Kim Mestdagh : "Je n'osais pas rêver de WNBA, ni des JO, mais maintenant c'est si proche"

Kim Mestdagh aura évolué dans un tout autre rôle que sa coéquipière Emma Meesseman à Washington Mystics lors d’une saison qui s’est achevée jeudi par le premier titre WNBA de la franchise américaine au terme de cinq manches en finale face à Connecticut Sun. L’ailière flandrienne de Ypres n’aura pas beaucoup jouée, mais la franc-tireuse des Belgian Cats approuvait "une expérience unique".

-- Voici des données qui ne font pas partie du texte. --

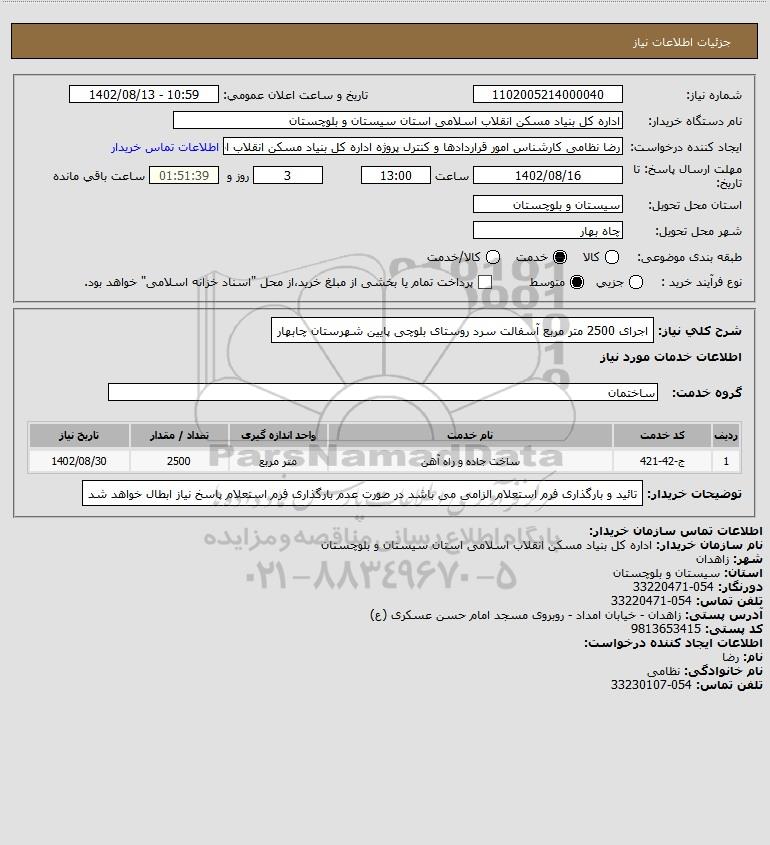 شرح کلی نیاز: اجرای 2500 متر مربع آسفالت سرد روستای بلوچی پایین شهرستان چابهار

"Il y a eu beaucoup de stress, cela a été quelque chose d’unique. J’ai aimé chaque minute d’être là et j’ai aimé chaque minute de chaque match", a confié Kim Mestdagh à peine débarquée de l’avion qui ramenait les deux joueuses Belges dimanche matin à Bruxelles. "J’ai eu peut-être un peu de frustration de rester sur le banc, parce que tu travailles dur, parfois individuellement en plus aussi sur le côté. Tu espères que cela va payer et cela n’a peut-être pas payé comme je voulais. Mais une fois en playoffs, la mentalité a changé. J’étais là pour donner de l’énergie à l’équipe tout en restant prête pour jouer parce qu’on ne sait jamais. Il n’y avait plus de frustration et je comprends les choix du coach. Le travail individuel m’a fait progresser individuellement et j’ai pu voir aussi le rôle des joueuses sur le banc. J’ai peut-être encore plus de respect pour elles, parce que ce n’est pas toujours facile."

Après des expériences en Turquie, à Yakin Dogü et Cukurova, avec entre les deux une demi-saison à Salamanque où elle n’a pas eu beaucoup de minutes de jeu ces dernières années, Kim Mestdagh, 29 ans, aspire à jouer à Charleville-Mézières la saison prochaine pour son retour en Ligue française. Elle rejoindra son club dès jeudi avec comme objectif des trophées en France (après deux finales perdues lors de son premier passage chez les Flammes Carolos) et un bon parcours en Eurocoupe FIBA (dans le groupe de Liège).

"Oui, j’ai envie de jouer, mais en fait chaque retour chez les Cats me permettait d’avoir de nouveau des minutes de jeu. Maintenant en France, je ne vais sans doute pas jouer 35 minutes, mais je devrai moins prouver ce que je peux faire et je pourrai être plus concentrée sur mon basket. Le championnat de France est l’un des meilleurs d’Europe et c’est plus stable financièrement."

Les objectifs se conjuguent aussi avec l’équipe nationale. "Il y a les qualifications pour l’Euro qui débutent déjà en novembre, mais le focus est vraiment sur février. Ce sera encore plus important. Je n’avais jamais osé rêver de la WNBA et encore moins des JO en me disant, non c’est impossible. Mais maintenant, c’est si proche que cela pourrait être le sommet de ma carrière."